Jerry: Well, first off, thank you for having me. I'm thrilled to be here. There's a lot of AI activity happening across various verticals, resulting in numerous new research papers and publications being featured on platforms such as Hacker News, Twitter, and LinkedIn. It's exciting to witness all the builders in this space adding cool demos and features. Though I've been quite busy, it's been an energizing experience due to the constant buzz of activity.

Jithin: That's true. Any tips for catching up? The high rate of revision has made it very challenging. What's your strategy?

Jerry: I spend an undue amount of time on Twitter and Hacker News. I browse articles and market maps that show the current state of AI. That's basically what I track the most.

Jithin: Okay, I understand. But about the LlamaIndex, I'm curious about its initial stage and founding story. Can you briefly share the problem you were trying to solve and how it became the big project it is today?
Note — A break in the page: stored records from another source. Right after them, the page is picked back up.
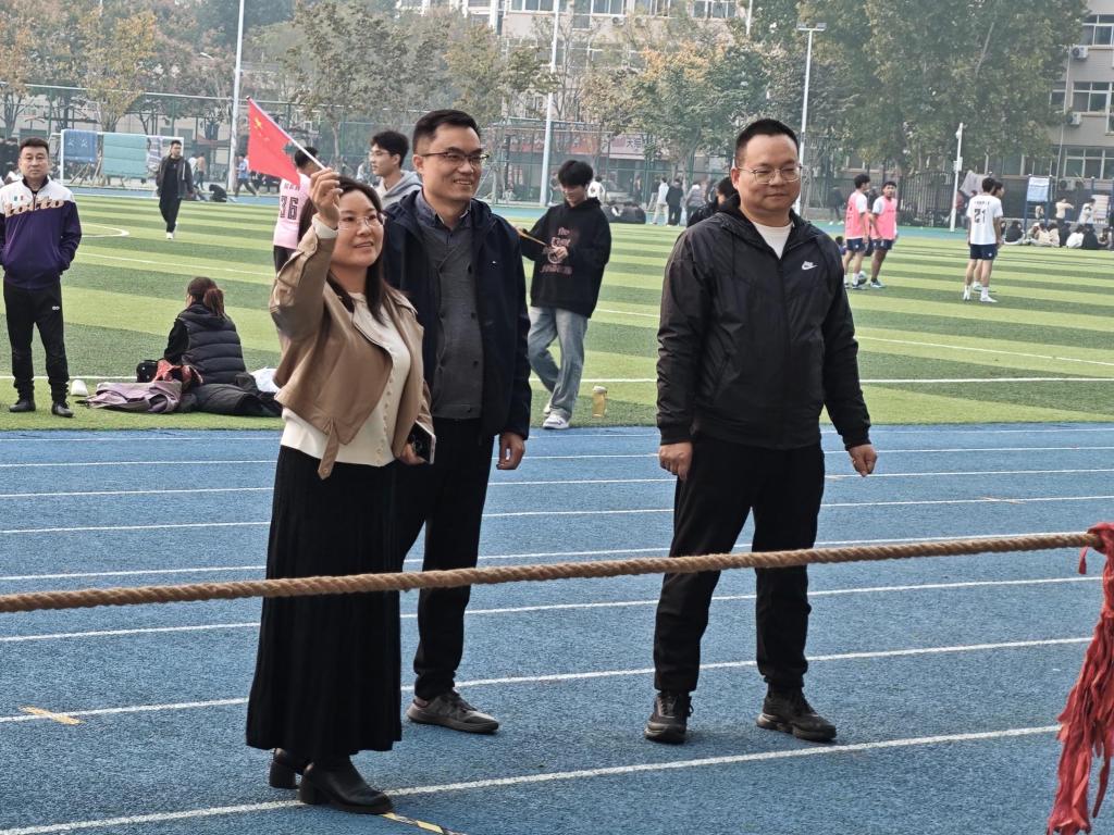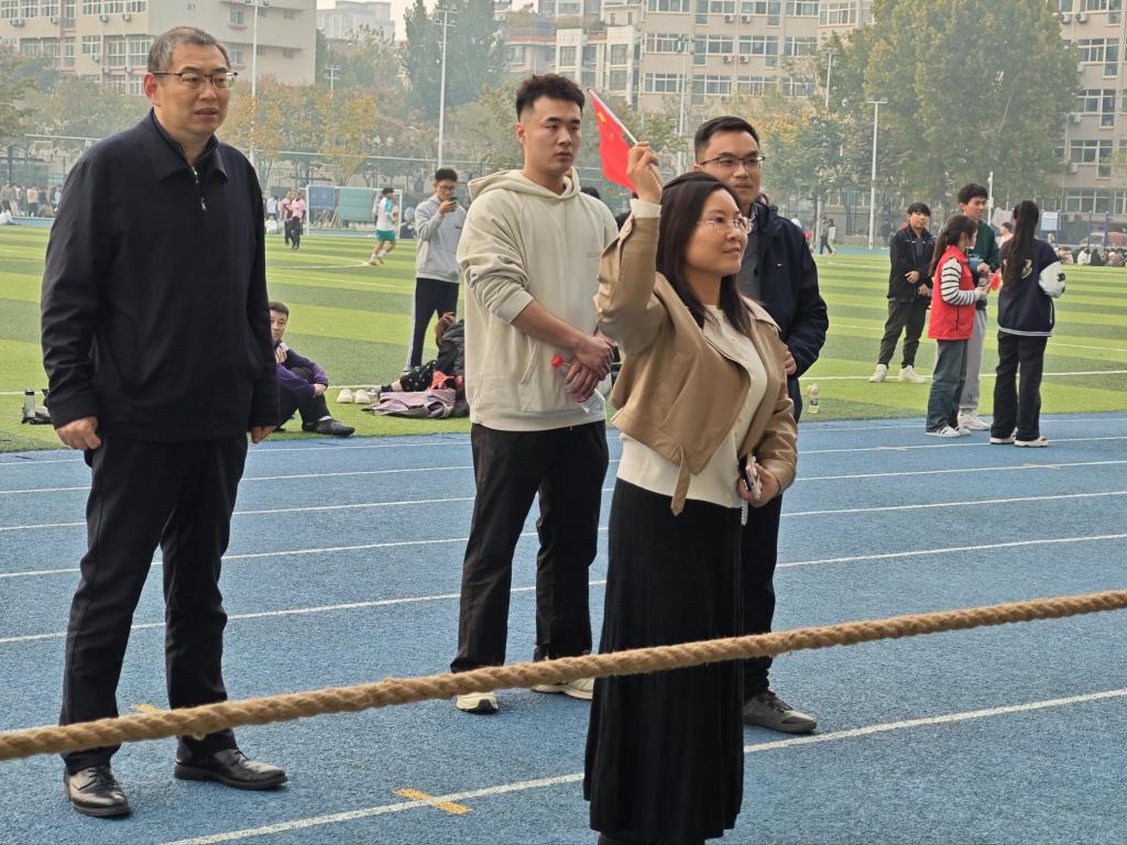 为展现学子青春风采,培养同学们的团队协作能力,11月10日下午,williamhill英国威廉希尔在操场举办拔河比赛。公司党总支书记兼经理王东辉、党总支副书记孙德胜、副经理孙雷明带领各班辅导员老师到比赛现场与同学们互动。
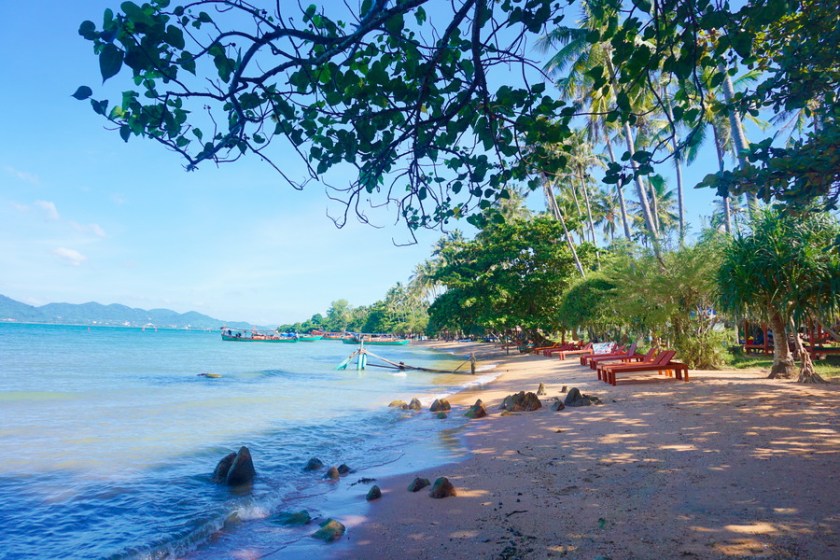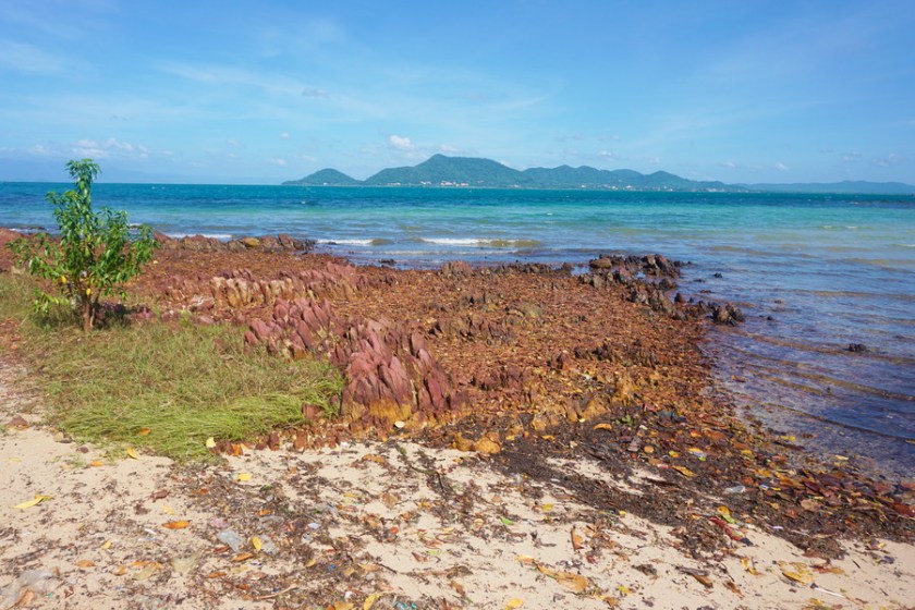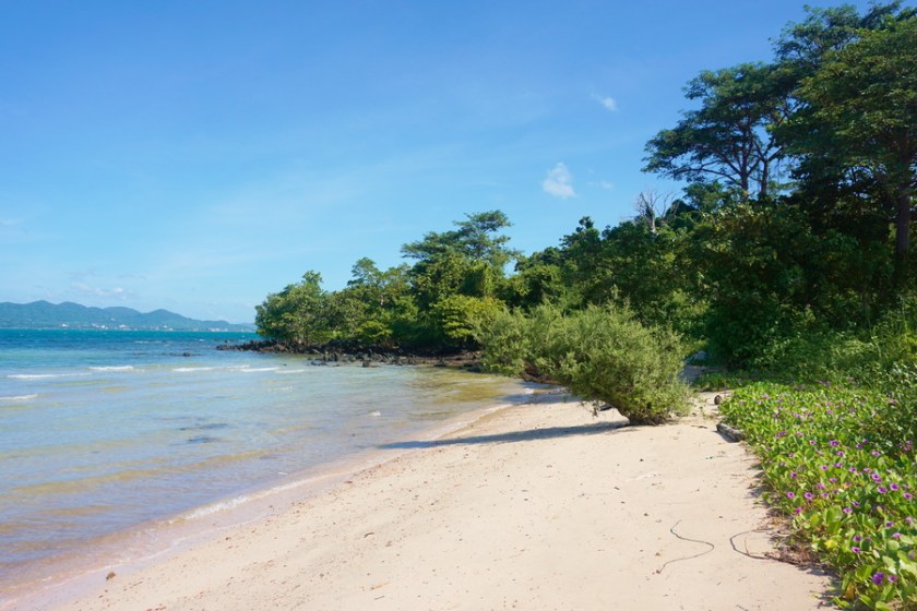 Comme la randonnée est compromise, nous avons profité des différentes plages de l’île. Il n’y a pas beaucoup de monde qui se rend sur Koh Tonsay donc certaines plages sont complètement désertes. Ce n’est pas la plage de rêve de sable blanc car, avec la proximité des mangroves, les fonds sont un peu vaseux mais l’eau est vraiment claire et à température parfaite pour la baignade.
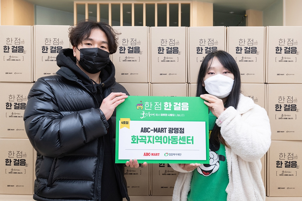 지난 12일 ABC마트 광명점 점장이 화곡지역아동센터 담당자에게 취약계층 아동과 청소년을 정기적으로 지원하는 ‘한 점, 한 걸음’ 캠페인 선물 키트를 전달했다.
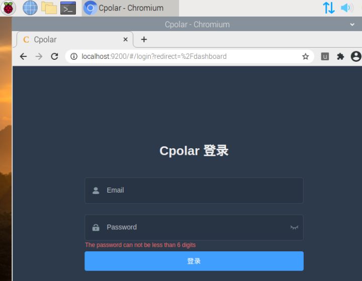 树莓派重启后,我们可以直接打开浏览器,在浏览器地址栏内输入“localhost:9200”,就能在树莓派本地看到cpolar的图形化界面。
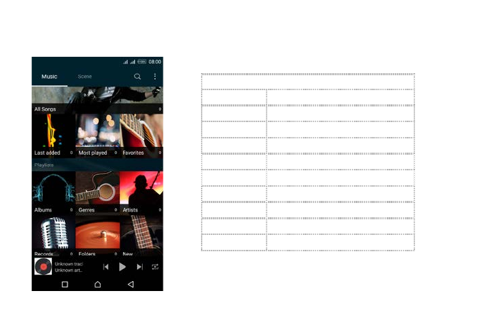icon to enter Music library, then touch and hold an artist, a song, or an album, some options
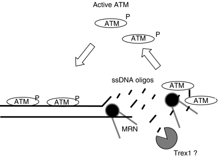 Figure 7. Proposed model for ssDNA oligo action. ssDNA oligos generated by MRN-dependent processing of DSBs stimulates ATM activity by forming MRN–DNA oligo complexes. Elimination of ssDNA oligos by single-stranded DNA exonucleases such as Trex1 (see Discussion) might indirectly control ATM activity.
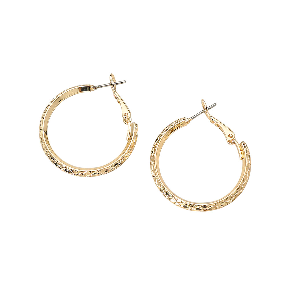 Details • Size : 1.2" X 1.2" • Omega Back • Chic small hoop earrings with a textured, diamond-cut look that adds stylish shine. Lightweight and comfortable with secure latch backs, perfect for daily wear or elevating casual and dressy outfits. • Lead and Nickel Compliant • Gold Dipped
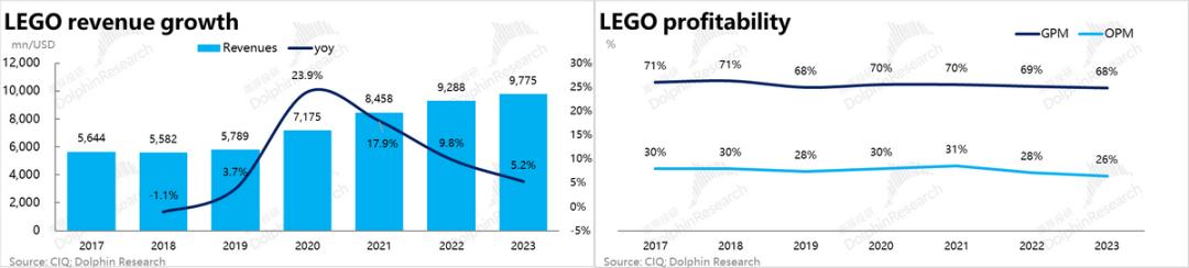 在国际对标上,我们选同样以门店(只是加盟分成)模式推进的丹麦玩具公司——乐高。二者均属于潮玩,且主要业务模式为线下零售开店,毛利率&净利率和泡泡玛特较为相似,60%和20%左右,且公司已经完全成熟。

Jerry: Yeah, totally! I started LlamaIndex a few months ago back in November as a tool to solve the context limit problem for language models. The aim was to build novel structures that could index a larger corpus of data and still feed into the relevant sections of the language model. As a thought exercise, I came up with the idea of a tree index that the language model could use to traverse large amounts of information. The project grew as more people became interested, and now LlamaIndex offers a variety of tools around data injection, indexing, and query, as well as supporting modules for evaluation, output parsing, and token usage optimization.

Jithin: Awesome! One thing that I found interesting is that there are two big projects in the space: LlamaIndex and Langchain. You and Harrison have a lot in common, including Robust Intelligence. Both of you have worked for the same company and built impactful projects. Was there something behind this coincidence?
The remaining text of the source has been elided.